WHAT IS EXPECTED:
Exclude the pictures. Transcribe, exactly as written, the lines from the one with "Pre-owned Chanel Small" through the end of the entries below.

(Stored dataset items)

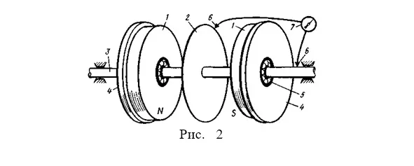 токопроводящий диск вращается в стационарном магнитном поле при неподвижных (заторможенных) магнитах;
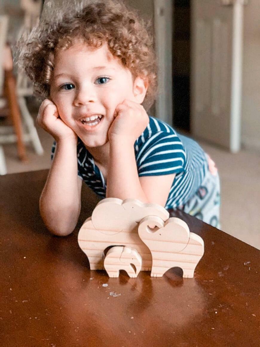 Adorable elephant puzzle set is a great first puzzle for toddlers. Develops logical thinking and encourages creative play.
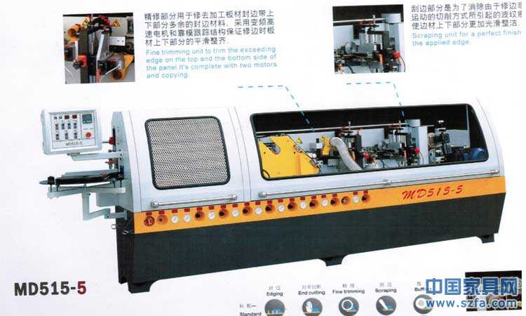 本機床能從板材送入后自動完成:粘接封邊、前后齊頭、上下平修(此項功能僅限MD515-6)、上下精修、上下刮邊(此項功能僅限MD515-5及MD515-6)、上下拋光六種功能,避免了手動加工過程中出現的加工誤差,保證了加工尺寸的一致性。本機床自動化程度高、封邊質量好、生產效率高,并且造型美觀、結構緊湊、工作穩定可靠,是板式家具生產廠家使用的重要設備之一。
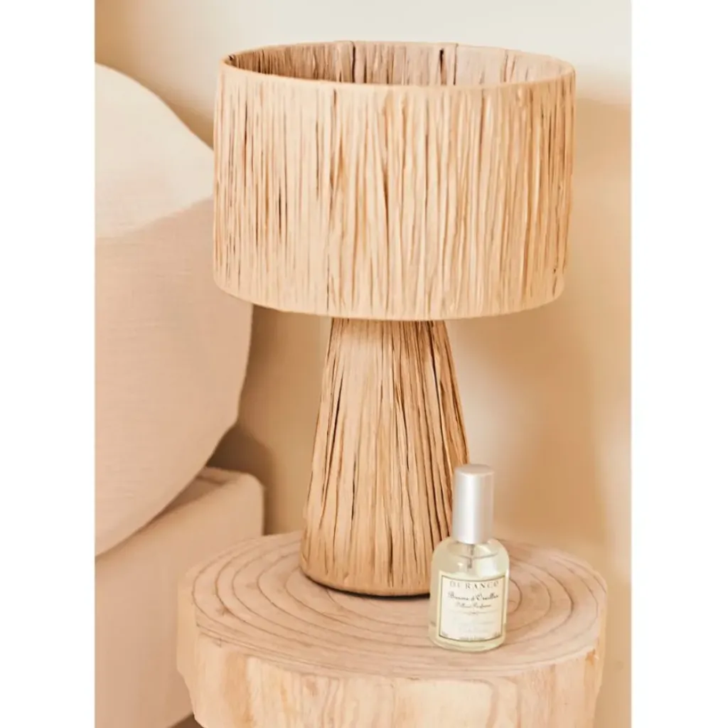 Découvrez notre magnifique lampe en raphia et fer naturel de 30 cm de hauteur.
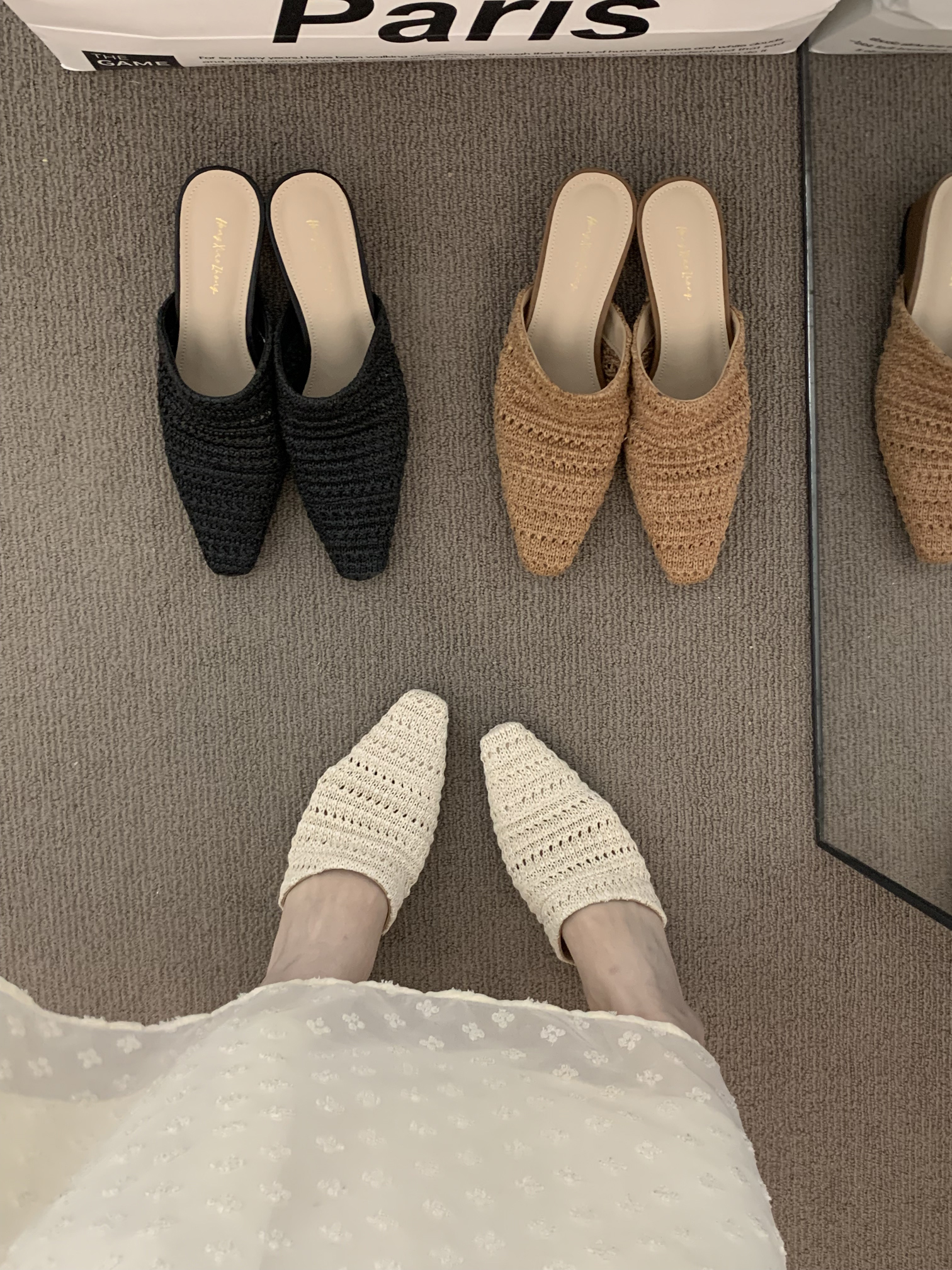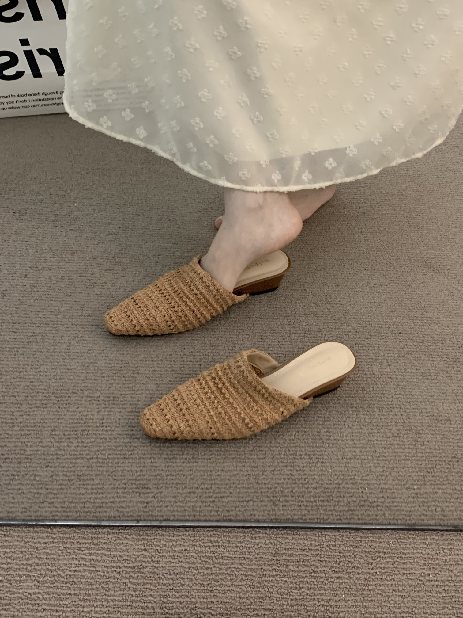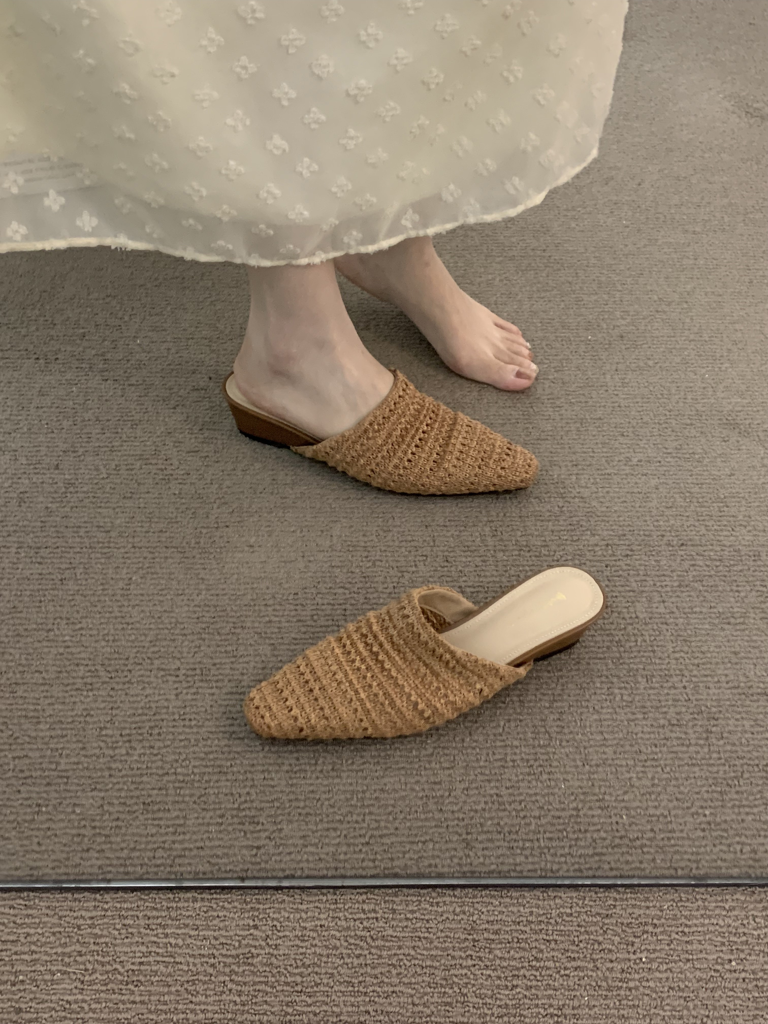 여성용 프렌치 니치 웨지 우븐 하프 슬리퍼, 2025 여름 하이힐, 스커트, 이브닝 토캡 슈즈스토어 가기
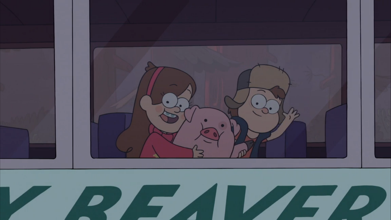 On the day of the twins' departure, Mabel says goodbye to Candy and Grenda, while Stan wears the sweater she knitted for him that day. As the bus arrives, Mabel is forced to say goodbye to Waddles since her parents won't let her bring a pig home with her. However, Waddles doesn't want to leave Mabel much to Mabel's anguish. Not being able to stand seeing Mabel so upset, Stan says that if he had to put up with Waddles all summer, their parents could put up with him until the next summer. When the bus driver tries to protest Waddles coming on the bus, Stan and Ford flash their weapons at him, convincing him to let Waddles on. Stan tries to hide his emotions claiming he's glad to be rid of the kids, but they immediately see through it and Mabel says "We'll miss you too Grunkle Stan." They board the bus and wave goodbye to their friends and family as the bus drives away.
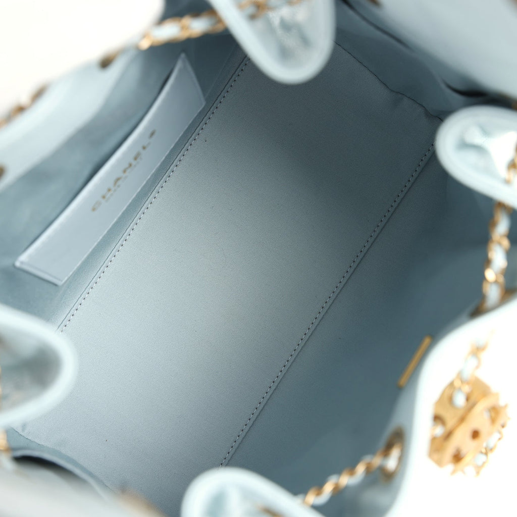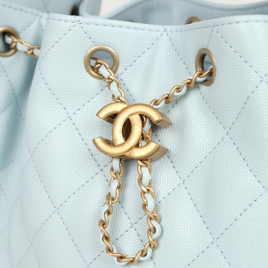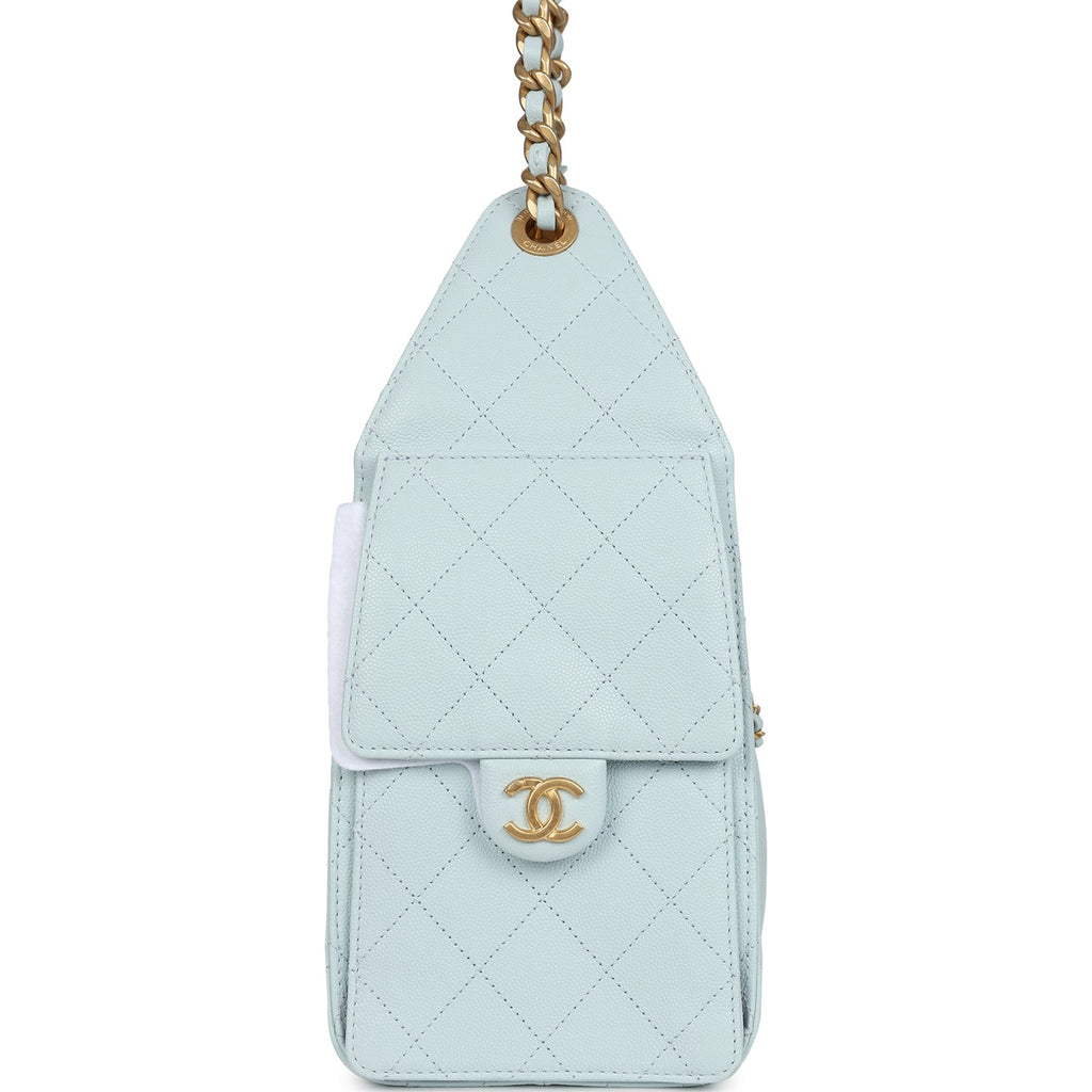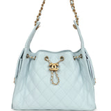 Pre-owned Chanel Small 25 Hobo Bag Light Blue Caviar Antique Gold Hardware
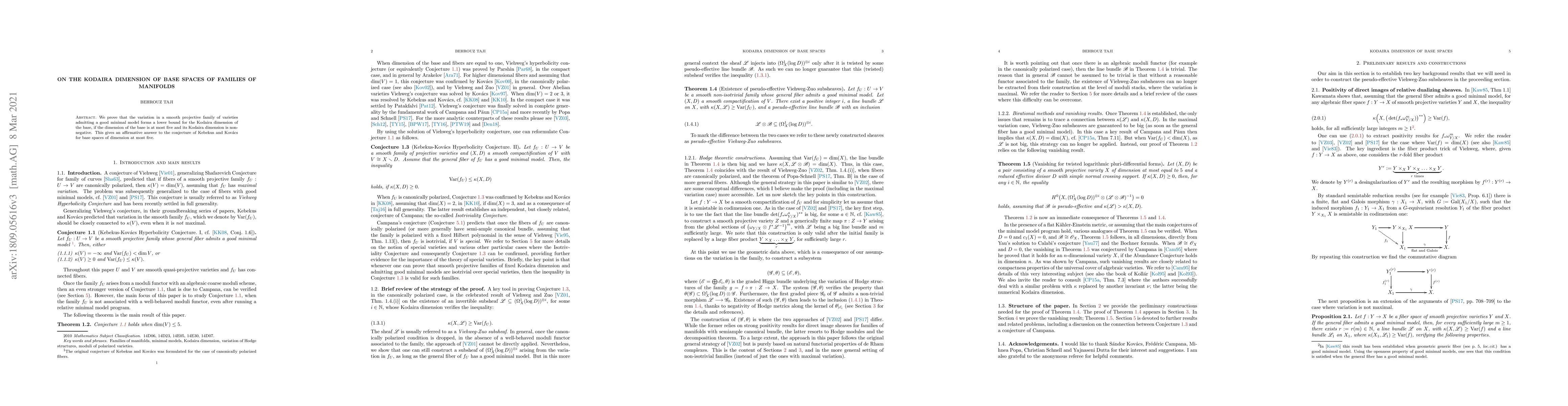 We prove that the variation in a smooth projective family of varieties admitting a good minimal model forms a lower bound for the Kodaira dimension of the base, if the dimension of the base is at most five and its Kodaira dimension is non-negative. This gives an affirmative answer to the conjecture of Kebekus and Kovacs for base spaces of dimension at most five.

OUTPUT OF THE EXERCISE:
 Pre-owned Chanel Small 25 Hobo Bag Light Blue Caviar Antique Gold Hardware
 We prove that the variation in a smooth projective family of varieties admitting a good minimal model forms a lower bound for the Kodaira dimension of the base, if the dimension of the base is at most five and its Kodaira dimension is non-negative. This gives an affirmative answer to the conjecture of Kebekus and Kovacs for base spaces of dimension at most five.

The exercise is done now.